Сколько недругов создавал себе Маяковский, упоминая то одного, то другого в стихах, начиная с Когана и Стеклова, кончая Алексеем Толстым.
На этом играли те, кто противопоставлял Маяковскому прошлое в целом, со всеми его обветшалыми устоями и традициями. На это попадались люди, искренне боявшиеся за утрату культурных ценностей, за нарушение связей с традициями прошлого. Эта боязнь, неуверенность в праве Маяковского на новшества в поэзии, в драматургии, во вкусах и взглядах на искусство сохранялась еще долго после того, как личная его талантливость и право говорить от лица советского общества стали неоспоримы.
Но и до сей поры не убедились еще многие в том, что бесхозяйственно вливать в старые мехи новое вино; а как давно эта истина была провозглашена и затвержена всеми любителями давних истин. И до сей поры существуют, например, наивные утверждения, что Маяковский не соблюдал канонического размера, так как не умел писать классическими размерами, точно существовал когда-нибудь неизменный, раз навсегда заданный рецепт писания, стихов! И до сих пор не переваривают некоторые люди сложность и богатство ритмов, связанных со сложностью и богатством оттенков человеческой речи, тем больше звучащей в стихе, чем выше и богаче его качество.

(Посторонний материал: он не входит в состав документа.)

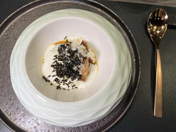 最上方還放有龍眼木煙燻鮮奶油、風乾海苔片,
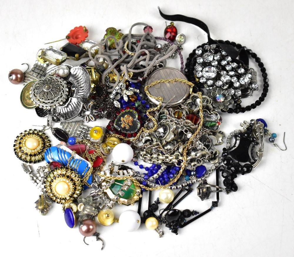 Lot 1002 of 1095: A 9ct gold necklace with lobster claw clasp (af), and various items of costume jewellery to include earrings, brooches, pendants, ring, silver chain, etc.

Да, пыль и прах еще кружатся в воздухе; и это есть свидетельство неуспокоенности, не безветрия.
Продолжая наше сравнение с океаном, следовало бы его заключить тем, что океан питается реками, впадающими в него. Отдельно стоят озерки и пруды, никуда не впадающие, самими собой ограниченные. Подчас они даже удобнее для потребителя; некоторые приобретают лестную славу. И все же, в конце концов, эти стоячие воды постепенно превращаются в лужицы, высыхают и запахиваются. Океан же продолжает жить и греметь, неустанным шумом напоминая людям о движении, о бурях, о несогласии своем на "позорное благоразумие", которому не смирить его неукротимой силы.
1956
В. А. Катанян . Из воспоминаний о В. В. Маяковском
I
...В первых числах июня 1927 года я приехал в Москву, позвонил Маяковскому. Позвонил другой, третий раз, пока, наконец, телефонная трубка не загудела глубоким, низким, красивым голосом.
– Вы застали меня случайно,– сказал голос.– Мы живем на даче в Пушкине. Знаете адрес?
– Двадцать семь верст по Ярославской железной дороге? Дача Румянцева?
– Нет, дача Костюхиной. Дойдете до Акуловой горы, повернете налево... увидите поле...
Он объяснил очень подробно.
...Калитка была в тылу у террасы, и о каждом приближающемся госте сообщала Булька. На нее зашикали и взяли на руки. Я остановился внизу.
Маяковский читал стихи.
Это была четвертая глава будущей поэмы "Октябрь" – о Милюкове и Кусковой. Потом он прочел шестую, где описан день 25 октября и взятие Зимнего.